Does your water heater need to be flushed on a regular basis?
It’s a question that eventually crosses the mind of any homeowner who cares about preventive maintenance. If you’re having trouble finding a clear answer, it’s probably because it all depends on what kind of water heater you have.
Electric water heater
If you have an electric water heater and it is fed by the municipal water system, the answer is simple: there is no need for regular flushing. The consensus is that generally speaking, this operation will not have a significant impact on the heater’s useful life.
If, however, your home is connected to an on-site system (a well) that supplies poor-quality water (i.e., hard water or water with iron content), you should perform regular flushing of your electric water heater. Read the following instructions closely.
First off, it’s very important to start this maintenance routine immediately after the installation of your new heater. If you decide to drain a heater after it has been in use for several years, you may do it more harm than good. Knocking loose calcium deposits that have formed on the inside walls of the tank can cause premature corrosion.
As specified in the step-by-step procedure below, the key to an effective cleaning operation is to ensure the tank is thoroughly rinsed out before refilling.

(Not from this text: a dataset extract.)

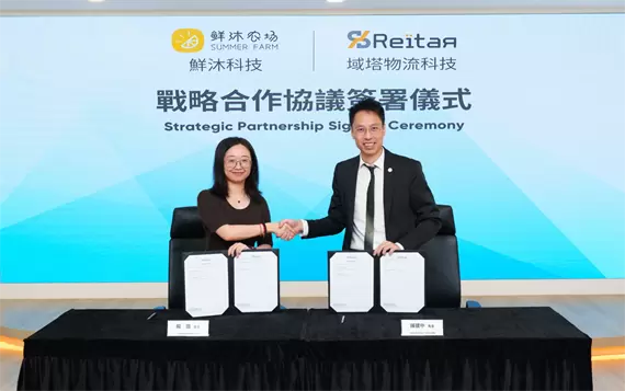 鲜沐科技COO杨晗女士(左)与域塔物流科技集团的主席兼行政总裁陈建中先生(右)
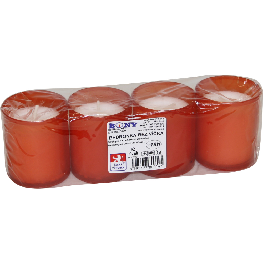 Svíčka BEDRONKA určena na hřbitovy v plastovém červeném obalu. Balena po 4 kusech ve folii.

1. Turn off the electric power to the water heater (circuit breaker or switch to “Off” position).
2. Shut off the cold-water inlet valve.
3. Open a hot-water tap to let air into the tank.

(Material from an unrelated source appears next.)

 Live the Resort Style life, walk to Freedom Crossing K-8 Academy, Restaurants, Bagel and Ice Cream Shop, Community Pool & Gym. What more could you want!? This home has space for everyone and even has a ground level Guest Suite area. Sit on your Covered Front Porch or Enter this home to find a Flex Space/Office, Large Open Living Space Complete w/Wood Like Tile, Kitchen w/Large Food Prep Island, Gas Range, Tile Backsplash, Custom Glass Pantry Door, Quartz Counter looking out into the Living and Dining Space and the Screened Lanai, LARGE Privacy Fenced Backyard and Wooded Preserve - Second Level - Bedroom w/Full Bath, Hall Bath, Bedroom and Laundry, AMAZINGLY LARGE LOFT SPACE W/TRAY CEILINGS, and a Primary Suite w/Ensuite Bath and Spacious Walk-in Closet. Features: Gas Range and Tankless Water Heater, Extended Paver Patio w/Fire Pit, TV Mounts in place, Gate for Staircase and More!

4. If necessary, connect a garden hose to the drain valve at the bottom of the tank and put the
other end in the floor drain, in a bathtub or outside.

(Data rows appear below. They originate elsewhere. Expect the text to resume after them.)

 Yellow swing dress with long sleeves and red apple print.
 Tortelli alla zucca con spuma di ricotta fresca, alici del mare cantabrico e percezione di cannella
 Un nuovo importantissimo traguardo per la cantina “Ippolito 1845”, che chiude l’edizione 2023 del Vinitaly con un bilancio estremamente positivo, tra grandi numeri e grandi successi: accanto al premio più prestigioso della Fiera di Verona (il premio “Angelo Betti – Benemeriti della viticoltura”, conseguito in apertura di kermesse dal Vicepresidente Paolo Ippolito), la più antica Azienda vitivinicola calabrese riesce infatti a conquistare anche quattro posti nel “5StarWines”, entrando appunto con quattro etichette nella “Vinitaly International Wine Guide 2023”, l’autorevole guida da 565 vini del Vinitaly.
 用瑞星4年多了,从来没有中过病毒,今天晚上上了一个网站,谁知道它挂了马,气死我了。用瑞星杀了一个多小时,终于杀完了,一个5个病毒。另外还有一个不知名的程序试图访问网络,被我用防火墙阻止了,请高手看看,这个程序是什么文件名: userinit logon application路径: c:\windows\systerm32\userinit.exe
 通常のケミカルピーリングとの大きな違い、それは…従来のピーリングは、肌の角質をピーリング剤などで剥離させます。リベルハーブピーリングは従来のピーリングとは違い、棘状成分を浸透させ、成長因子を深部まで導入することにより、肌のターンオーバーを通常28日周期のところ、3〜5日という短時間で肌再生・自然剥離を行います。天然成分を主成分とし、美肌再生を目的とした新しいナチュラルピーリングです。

5. To avoid the risk of scalding, gradually open the drain valve (or let the water cool before
draining). Let the tank empty itself completely.
6. Re-open the cold-water inlet valve and let water run at full pressure for several minutes to
completely flush out any deposits from the bottom of the tank.
7. When the water running out is completely clear, close the drain valve.
8. Let the tank fill up. Filling is complete when water runs normally out of the hot-water tap that you
opened earlier; i.e., once all the air has been evacuated from the tank.
9. Close the hot-water tap.
10. Turn the power to the water heater back on.
Along with routine flushing, you must perform another maintenance task: inspect the anti-corrosion rod, or sacrificial anode, at least once every three years. This is a steel rod, typically coated with magnesium, suspended vertically inside the tank. The rod “sacrifices itself” for the good of the tank: the principle of electrolysis causes the rod, instead of the steel of the tank, to corrode. When necessary, the rod releases particles of magnesium that adhere to failing areas of the vitrified interior coating.
These “patches” can come loose during a cleaning operation, resulting in premature wear on the anode, which must start its job over again. It is therefore very important to replace the anode before its coating dissolves completely; otherwise tank will start to rust. A new sacrificial anode has a diameter of about 1.9 cm (3/4 in.). If inspection shows that it has dissolved to half that diameter or less, or if any part of its steel core is exposed, the rod must be replaced.
Gas- or oil-fired water heater
Unlike an electric model, which heats water by means of submerged elements, a water heater fired by natural gas or home heating oil has a burner under the tank. This results in a much higher heating temperature, and causes sediment to precipitate to the bottom of the tank.
Manufacturers of these types of heaters recommend regular flushing to clear built-up sediment, which hinders proper heat transfer and in turn reduces energy efficiency. These models also have a sacrificial anode, which must be inspected.
Because they contain combustion mechanisms, it is strongly recommended that you entrust draining and indeed all maintenance of these types of heaters to a qualified technician.
Leaving on vacation?
If you are planning to be away from home for several weeks, it is always wise to shut off the cold-water inlet valve and the power supply (electricity in the case of electric water heaters; electricity if applicable and gas valve for natural-gas-fired models; electricity if applicable and oil intake for oil-fired heaters).
Note, however, that you must not drain the water from the tank before leaving – a water heater must never be left empty!
When you return:
1. Re-open the cold-water inlet valve.
2. Open all the hot-water taps in the house and let the water run until the heater tank is completely
drained – bacteria may have had time to develop in the unheated water during your absence.
3. Shut off the hot-water taps once the water runs cold, and then turn the electric power to the water
heater back on.
Moreover, all the cold water lines in your home should be flushed out after your return. Let water run from every tap until it is cold. So that you don’t waste any of the flushed water, you can recover it and use it for cleaning, or to water your house and garden plants.